Photo credit: Shutterstock

1. It's good for your bank account. Between payments, upkeep, insurance and gas, owning a car can take a major bite out of a household budget. While a post-World War II culture had a fetish for cars and saw them as a form of entertainment, today they're more like a utility that fills a need. If that need is filled by walking, bicycling or public transportation, personal costs drop steeply. That frees up income to use in other more enjoyable ways than getting your brakes fixed.

2. It's good for local businesses. Because it eliminates that major drain on people's budgets, a critical mass of carless people has more money to spend on activities like eating out, patronizing entertainment options or giving to worthy causes. Walkable urban cores attract carless younger people, which fuels everything from entrepreneurship to active nightlife. On the other end of the spectrum, it also attracts retirees and empty-nesters who want to give up their cars now that they no longer have to drive kids to soccer practice and music lessons. They're likely to patronize a city's cultural offerings, restaurants and stores.

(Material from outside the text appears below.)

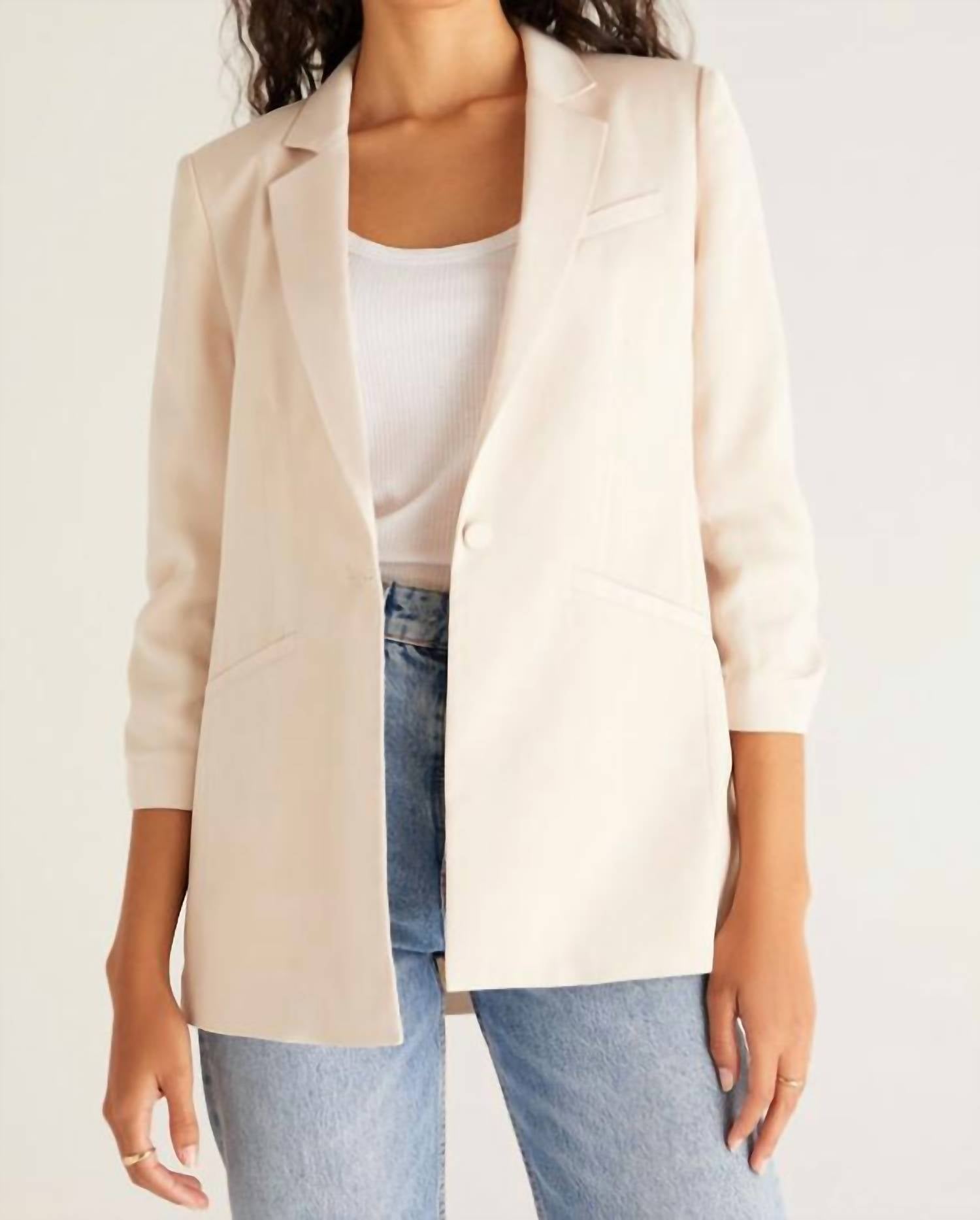 Feito sob medida para a perfeição, este blazer será sua jaqueta favorita por muitos anos. Eleve seu guarda-roupa com o Blazer Cinema da Z Supply, um item essencial para o estilo sofisticado desta estação. Este blazer feminino possui mangas longas e é confeccionado em 100% poliéster com tecido sarja fosco, proporcionando um visual contemporâneo e atemporal. Seu tom ECRU sólido e fecho de botão o tornam perfeito para combinar com jeans e peças essenciais. Desfrute de praticidade extra com bolsos funcionais.

3. It's good for infrastructure efficiency. Growth in denser urban cores rather than far-flung suburbs is more sustainable. Suburbs with their malls, shopping strips and business parks grew up around freeway exits as car-dependency increased in the ’50s and ’60s, starting a vicious cycle of infrastructure attracting population and population requiring infrastructure. Whether it was roads, schools or water systems, that infrastructure was duplicative and costly as it served a more geographically spread-out population. It also often meant abandonment of existing infrastructure—see: Detroit—creating an incalculable amount of waste. Giving up cars has helped fuel the recycling and reuse of that older infrastructure.

4. It's good for diversity. Living in more densely populated urban areas puts people in constant contact with those of different races, cultures, socio-economic classes and ideas. Entrepreneurial immigrants are more likely to settle in urban areas to start businesses, offering residents the chance to become familiar with customs and cultures from around the world. Interacting with people who aren't mirror reflections of yourself tends to raise awareness of and sensitivity to the interests and needs of others.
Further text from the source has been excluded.